* [How to complete this task] The answer is all of the data repeated exactly, with each picture omitted.

─── Provided material ───

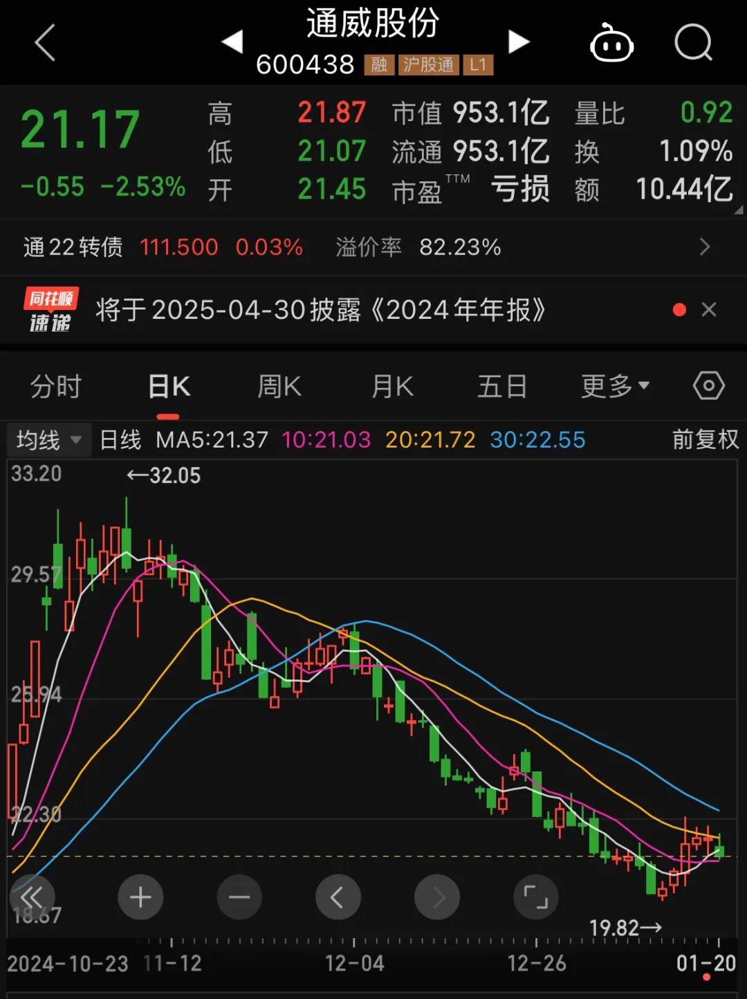 1月20日,通威股份收报21.17元/股,跌幅2.53%,最新市值为953.07亿元。
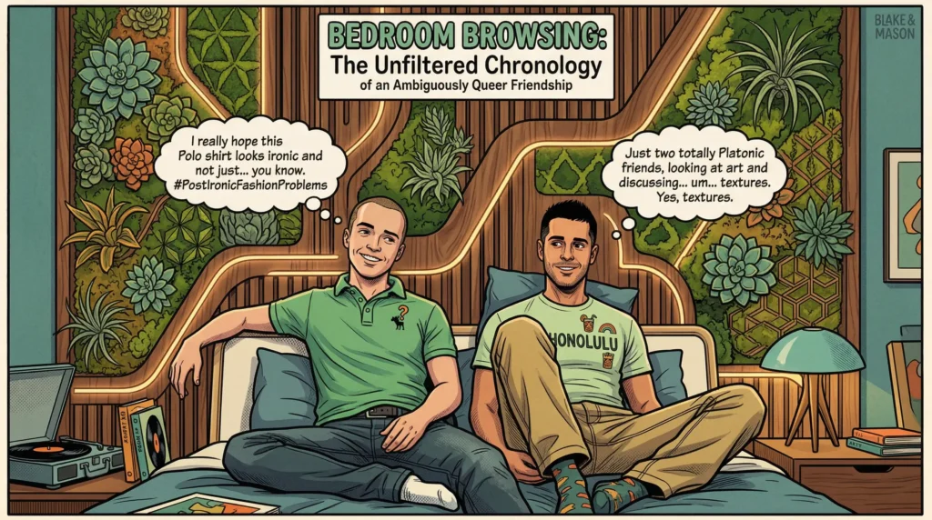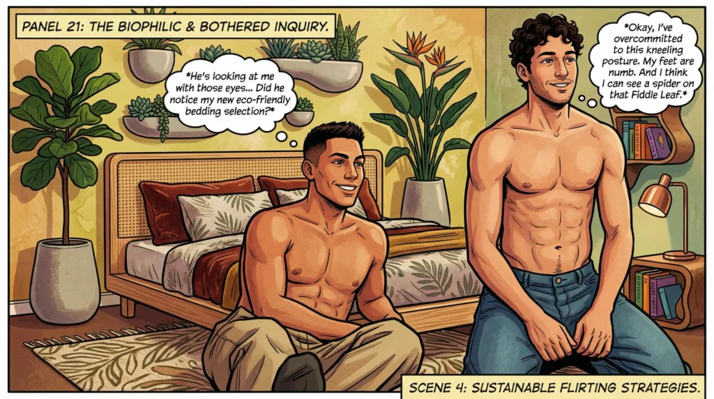Evan had invited Micah over for what he insisted was “a casual hang,” though the room told a different story. The plants were freshly misted, the terrarium gleamed, and the leaf‑green bedding—his proud eco‑friendly upgrade—was smoothed to perfection. He sat cross‑legged on the bed, trying to look relaxed while his heart fluttered like a trapped moth.
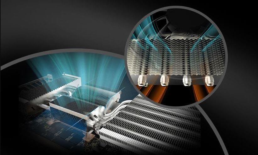 V-образная конструкция пластин радиатора охлаждения графического процессора ускоряет и централизует воздушный поток вокруг графического процессора, чтобы эффективно рассеивать тепло.
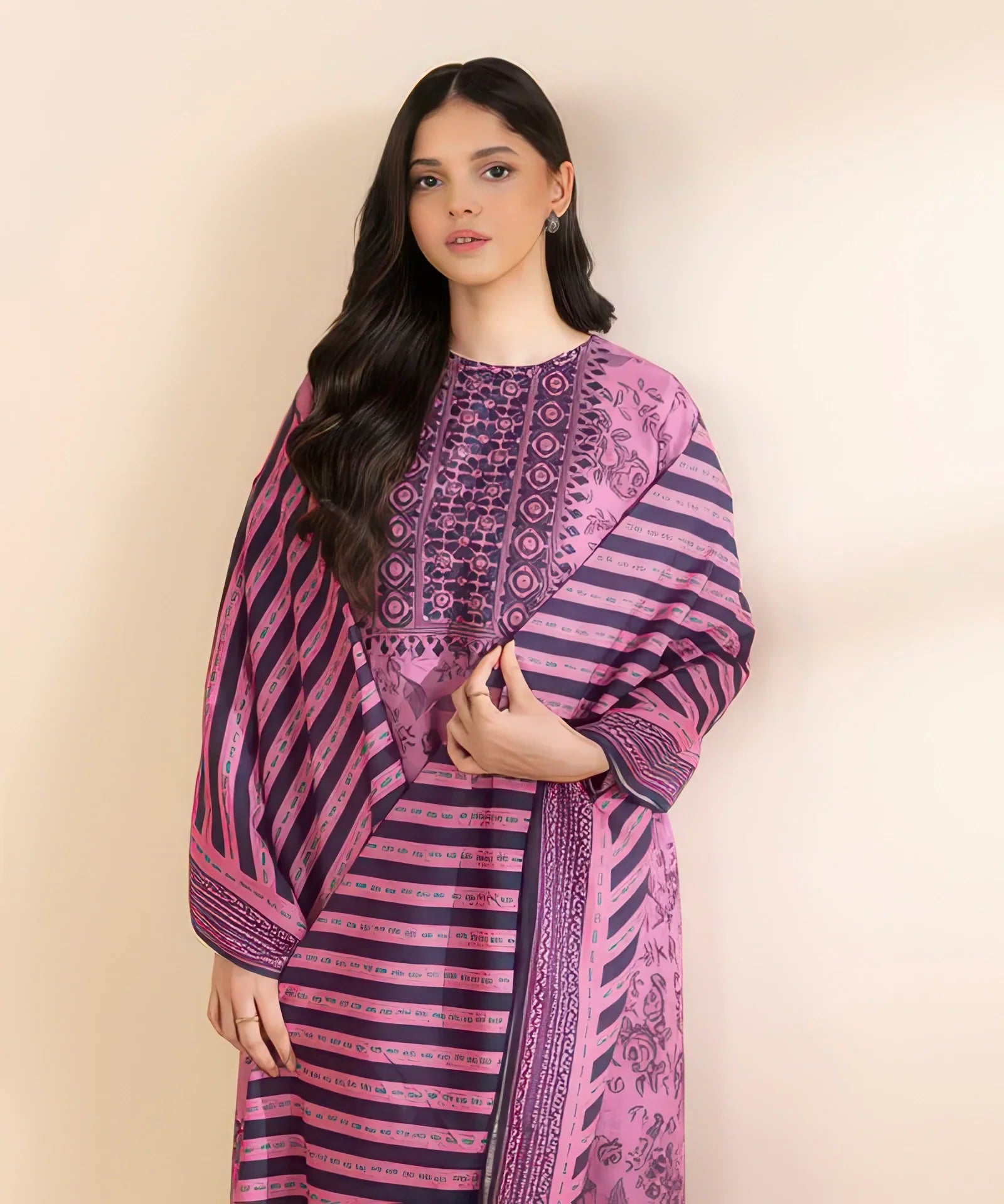 Elevate your everyday style in our dull pink three-piece featuring cambric shirt, trousers, and voile dupatta.

───

* [Reply]
 1月20日,通威股份收报21.17元/股,跌幅2.53%,最新市值为953.07亿元。
Evan had invited Micah over for what he insisted was “a casual hang,” though the room told a different story. The plants were freshly misted, the terrarium gleamed, and the leaf‑green bedding—his proud eco‑friendly upgrade—was smoothed to perfection. He sat cross‑legged on the bed, trying to look relaxed while his heart fluttered like a trapped moth.
 V-образная конструкция пластин радиатора охлаждения графического процессора ускоряет и централизует воздушный поток вокруг графического процессора, чтобы эффективно рассеивать тепло.
 Elevate your everyday style in our dull pink three-piece featuring cambric shirt, trousers, and voile dupatta.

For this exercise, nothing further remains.